Deportation Feeds a Cycle of Violence in Central America

Since the early nineties, criminal gang networks operating across the border between the United States and Central America have exploded in power and number. The gangs take advantage of loopholes in international immigration and deportation policies to spread their influence through extreme violence.

The Mara Salvatrucha, or MS-13, has become one of the “Most Wanted” of these gangs. What began as a loosely-connected group of Salvadoran immigrant youth banded together for protection in the join-or-die gang culture of Los Angeles has now grown into a transnational criminal hydra involved in murder, extortion, and some gun and drug smuggling.

U.S. deportation policies aggressively send undocumented gang members back to their home countries in Central America. They export U.S. gang culture and hardened criminals to countries whose internal security forces are ill-equipped to deal with the new threat. The street gangs have rapidly grown beyond being just a neighborhood problem to presenting a real national security threat in these countries.

Criminal deportees bring tactics, organization, and other criminal skills learned in U.S. prisons. These abilities translate into more sophisticated networks that have created a web that spans across Honduras, El Salvador, and Guatemala. Over time this network has made some links with organized crime, acting at times like foot soldiers to help with smuggling, assassination, and other duties.

Street gangs remain distinct from organized crime. But they have become a leading cause of insecurity in Central America. The region’s history with clandestine death squads, drug and gun smuggling, corruption, and violence during the U.S.-supported “dirty wars” provided a propitious culture for the gangs’ insertion into society.
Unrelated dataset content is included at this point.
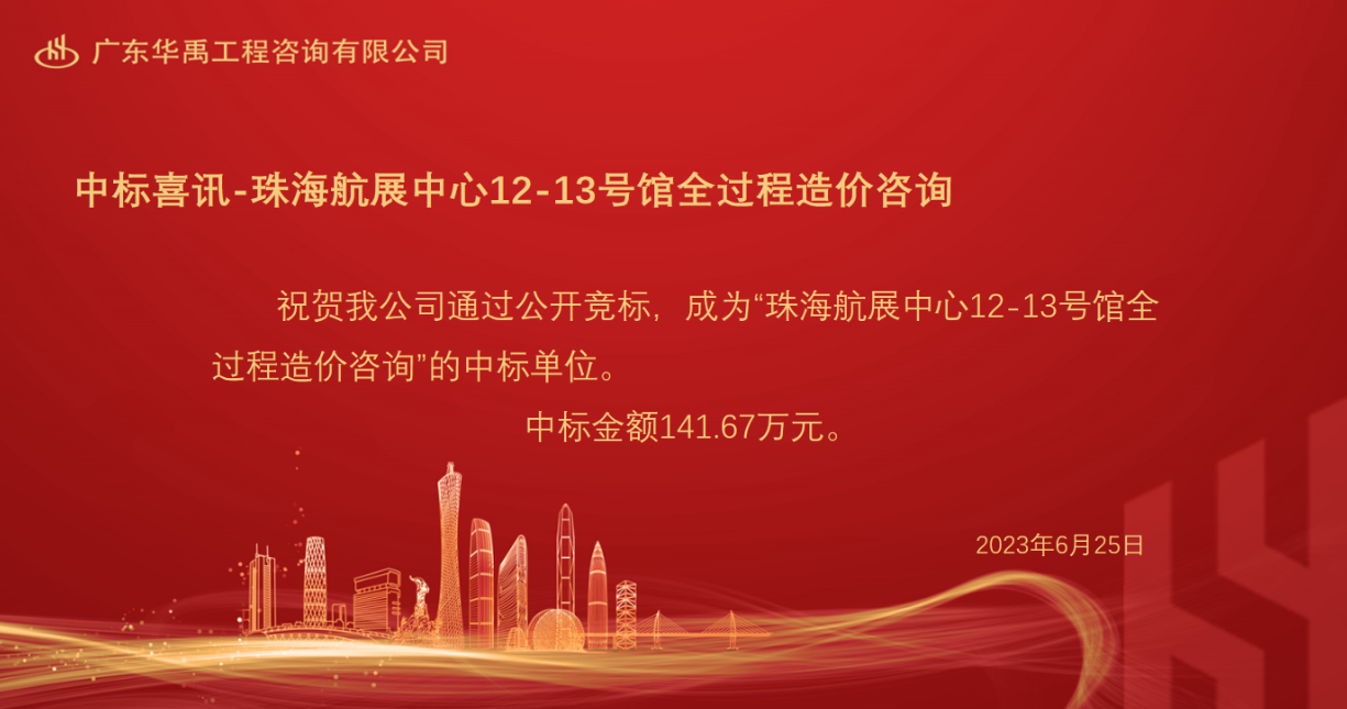 中标喜讯-珠海航展中心12-13号馆全过程造价咨询

The U.S. Federal Bureau of Investigation as well as national police in three Central American countries actively seek solutions to break this 20-year-old cycle, but U.S. authorities and their Central American colleagues face a difficult game of catch-up.

Born in the U.S.A.

The civil wars that ravaged Guatemala, Honduras, and El Salvador in the 1980’s displaced tens of thousands of Central Americans from their homes into Mexico and the United States. Many of these families settled in cities in the United States close to the Mexican border. Cities such as Los Angeles absorbed large communities of Central Americans who sought to carve out a space in the city’s poor neighborhoods that had been controlled by Mexican street gangs since as early as the 1950’s.

The word “mara” loosely translated from Spanish means group or gang. Salvatrucha, in Salvadoran Spanish slang, means a streetwise Salvadoran. Mara Salvatruchas is a term that refers to Salvadoran immigrants who formed gangs in the 70’s and 80’s to protect themselves from their rivals in the street gangs that dominated Los Angeles at that time.

The number 13 marks the position of the letter “m” in the alphabet and is a nod to the Mexican Mafia, a gang that controls the prisons in Southern California. Put together, the name “MS-13” states membership of a gang, primarily made up of Salvadorans, that holds allegiance to the Mexican Mafia in Southern California.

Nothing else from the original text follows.